I had a handyman come to the townhome to do some work and mentioned we were about to list it...that night his friends made and emailed a signed offer. Bam, sold. Easy. Our northern home also didn't hit the market and sold immediately. Closed on both in April 2022.

We looked in Celebration and around there and settled on a 55+ new home community. We were just 49 but if we bought a new build we could get in under a 20% rule (20% can be 45-55). We will be there 1 year in July.

We also keep an apartment up north where all our family (parents, siblings and 2 of our 3 kids) live. One of our DDs lives in the apartment too and we share rent and such. She is a teacher and rent now is way too high for her to manage a place on her own financially so it works out for all of us. We have a room for when we visit. Now we flipped the 3 times a year for 4-6 weeks up north and the rest in FL. We are up north now....missing our FL sooooo much.

But the DVC....we use it the same....booking last minute trips for 1-2 nights to not drink and drive. Plus to kennel old doggo and have a nice break from him (he will be 17 and has been super high maintenance for a good 3 years now...exhausting like a perpetual newborn but at age 50ish). And our 20something kiddos can stay (got them a treehouse for Sept).

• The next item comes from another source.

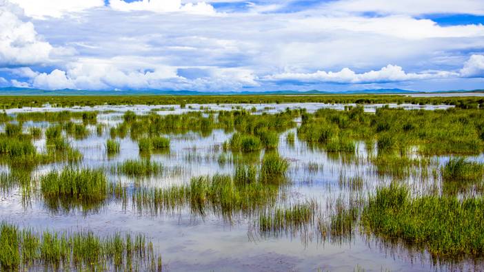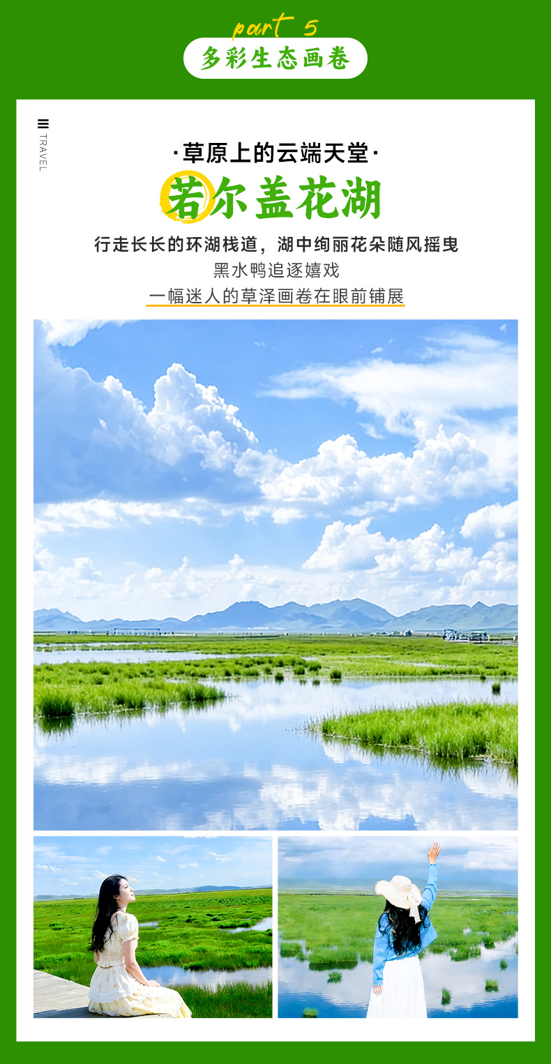【若尔盖花湖】(车程约35KM,车程约40min,游玩约2-3小时),镶嵌在川西北高原的“天空之镜”,是中国ZUI美的湿地明珠之一。夏季来临,3000余亩的湖面化作缤纷花毯,狼毒花、格桑花与鸢尾花在碧水间肆意绽放,黑颈鹤优雅掠过如镜湖面,留下圈圈涟漪。木质栈道蜿蜒深入湿地,倒映着流云与远山,仿佛行走在水天交界处。秋日水草泛金,冬季冰晶凝玉,四季轮回间始终保持着遗世独立的纯净。随后途径【若尔盖草原】。

I and though 300 points may be a bit much for now, I figure we will use them with grand babies down the line. So that's a nice number to keep.
 
I guess it all depends. We bought AKV Kidani resale in 2012 for 65 and sold those in 2022 for 125. So we nearly doubled. AKV Kidani is even higher now (130/135), so no drop at all there -- maybe it's property dependent. We were happy with that and used it towards adding on another 250 VGF.
Right, that was a decade ago, while DVC skyrocketed the whole time. The odds of that repeating are not great, unless inflation runs away, which isn't exactly what I'm hoping for.
 
Right, that was a decade ago, while DVC skyrocketed the whole time. The odds of that repeating are not great, unless inflation runs away, which isn't exactly what I'm hoping for.
We'll know 10 years from now. Generally, like the market, value *should* increase over time.
 
You can retitle them. There are a lot of posts on how to do this. You don't have to sell them to change the title. You could buy him out.

If you are getting divorced, zero chance I want to own in both names. It's a TERRIBLE idea. Random example:
https://www.disboards.com/threads/k...-but-ex-is-now-filing-for-bankruptcy.3894488/
Definitely don't plan to use them together. Even if I changed my mind about the sale, I would pull his name off the deed. He would be the first to sign it.